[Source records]
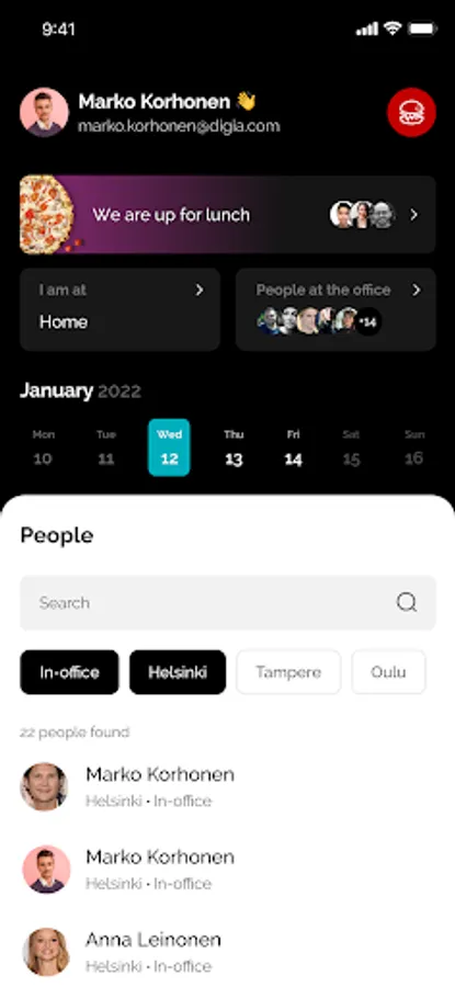 Indicate in the application if you are looking for a lunch companion, so you don't have to eat alone.
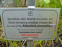 The Albertinia pincushion is considered endangered as it has a very limited distribution of below 169 km2 (65 sq mi) and is under thread by agricultural development, so-called field improvements to increase the yield of tall restionids for thatching, invasive species, urban expansion near Albertinia and climate change. The species can often only be found on roadsides, suggesting it has already disappeared from the surrounding fields.[3]
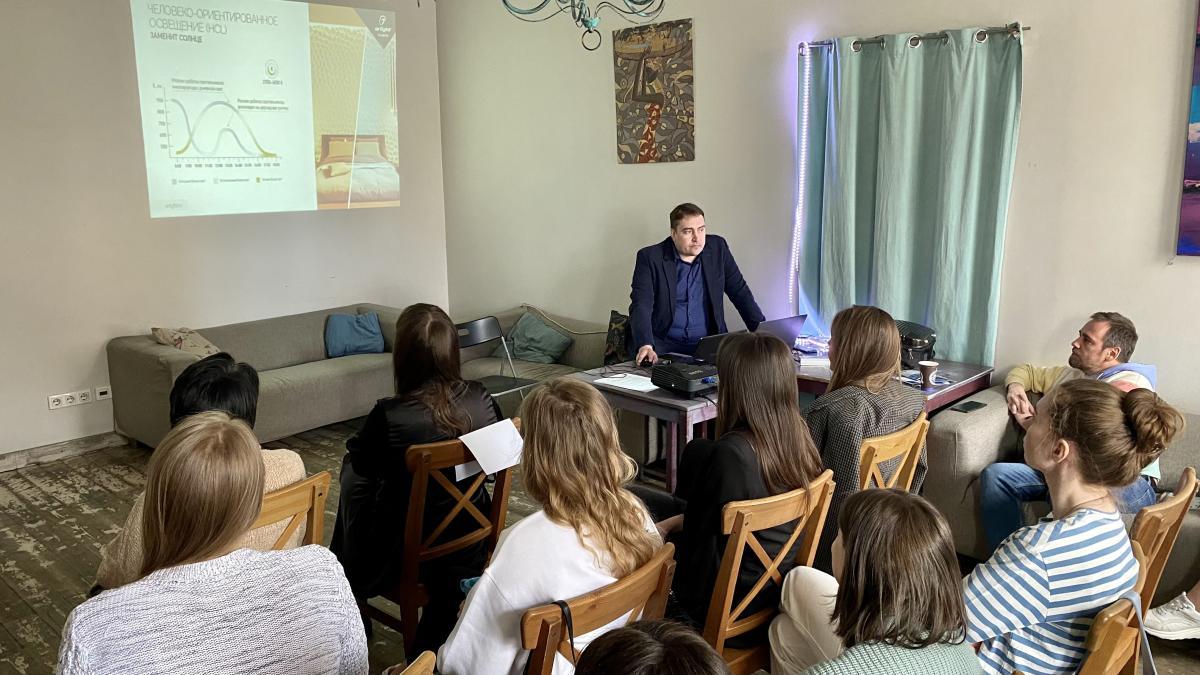 Региональный менеджер компании Arlight Сергей Филимонов выступил с самой актуальной темой «Биодинамическое освещение HCL (Human Centric Lighting)», рассказал где и как его применять, как подбирать светодиодные ленты и управлять освещением со смартфона.
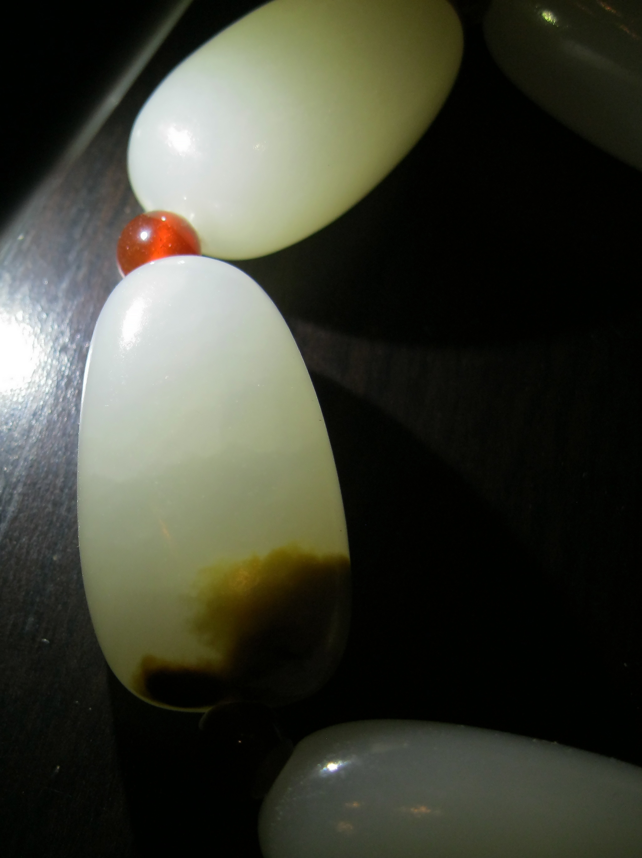 Когда-то давным давно мне продали четки якобы из белого нефрита. Потом я только понял, что они сделаны из оникса. И вот этот браслет в точь-точь по цвету, блеску, тяжести и хрупкости похож на эти самые четки.
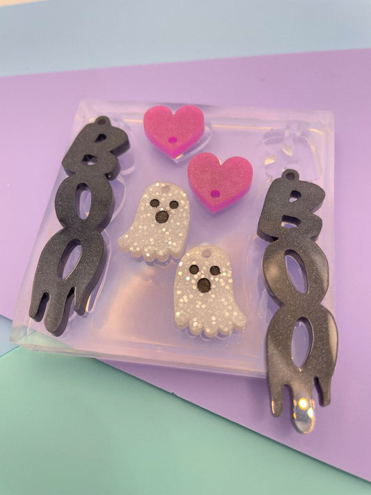 5cm Boo Word Heart Slogan Dangle Earring Mold Halloween
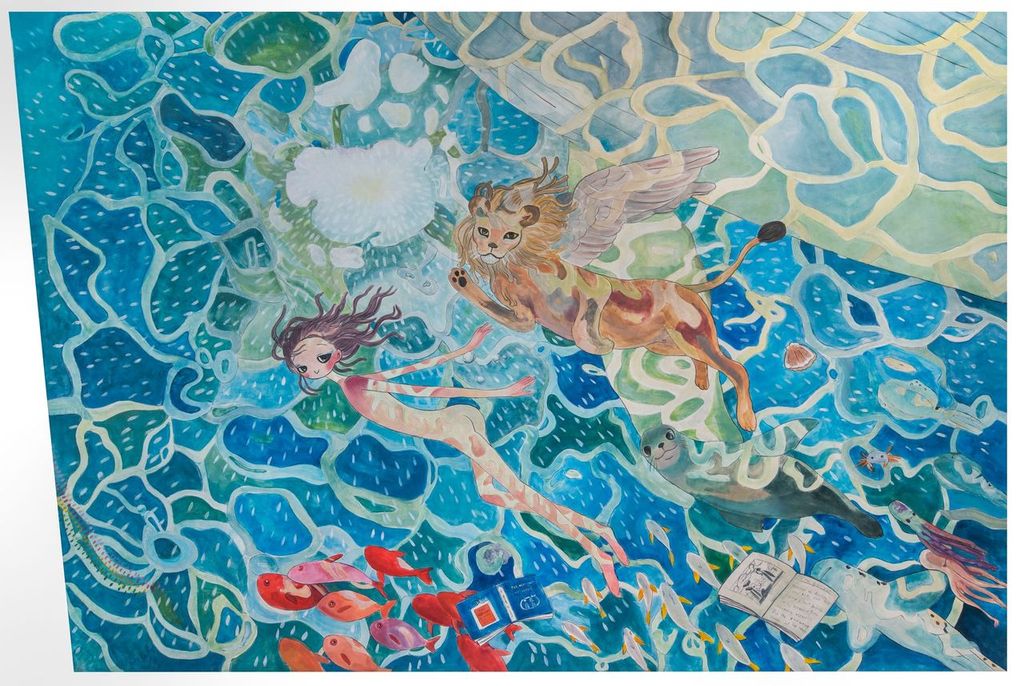 AYA TAKANO’s Happy and joyous days, a permanent work created for the Palazzo Diedo bookshop, is a ceiling painting made using the ancient fresco a giornate technique, taking its inspiration from Venice, the city of water. Unlike traditional frescoes that usually depict gods, angels, or dragons observing us from above, TAKANO’s piece flips the perspective: the viewer gazing upward finds themselves completely immersed in the Venetian sea, where a manga-style mermaid floats on the surface with a Venetian Lion and sea creatures, along with a copy of the book The Merchant of Venice adrift nearby.

■ **Work to complete**
Exactly as written above, print every record, and keep the pictures out.

■ **Exercise output**
 Indicate in the application if you are looking for a lunch companion, so you don't have to eat alone.
 The Albertinia pincushion is considered endangered as it has a very limited distribution of below 169 km2 (65 sq mi) and is under thread by agricultural development, so-called field improvements to increase the yield of tall restionids for thatching, invasive species, urban expansion near Albertinia and climate change. The species can often only be found on roadsides, suggesting it has already disappeared from the surrounding fields.[3]
 Региональный менеджер компании Arlight Сергей Филимонов выступил с самой актуальной темой «Биодинамическое освещение HCL (Human Centric Lighting)», рассказал где и как его применять, как подбирать светодиодные ленты и управлять освещением со смартфона.
 Когда-то давным давно мне продали четки якобы из белого нефрита. Потом я только понял, что они сделаны из оникса. И вот этот браслет в точь-точь по цвету, блеску, тяжести и хрупкости похож на эти самые четки.
 5cm Boo Word Heart Slogan Dangle Earring Mold Halloween
 AYA TAKANO’s Happy and joyous days, a permanent work created for the Palazzo Diedo bookshop, is a ceiling painting made using the ancient fresco a giornate technique, taking its inspiration from Venice, the city of water. Unlike traditional frescoes that usually depict gods, angels, or dragons observing us from above, TAKANO’s piece flips the perspective: the viewer gazing upward finds themselves completely immersed in the Venetian sea, where a manga-style mermaid floats on the surface with a Venetian Lion and sea creatures, along with a copy of the book The Merchant of Venice adrift nearby.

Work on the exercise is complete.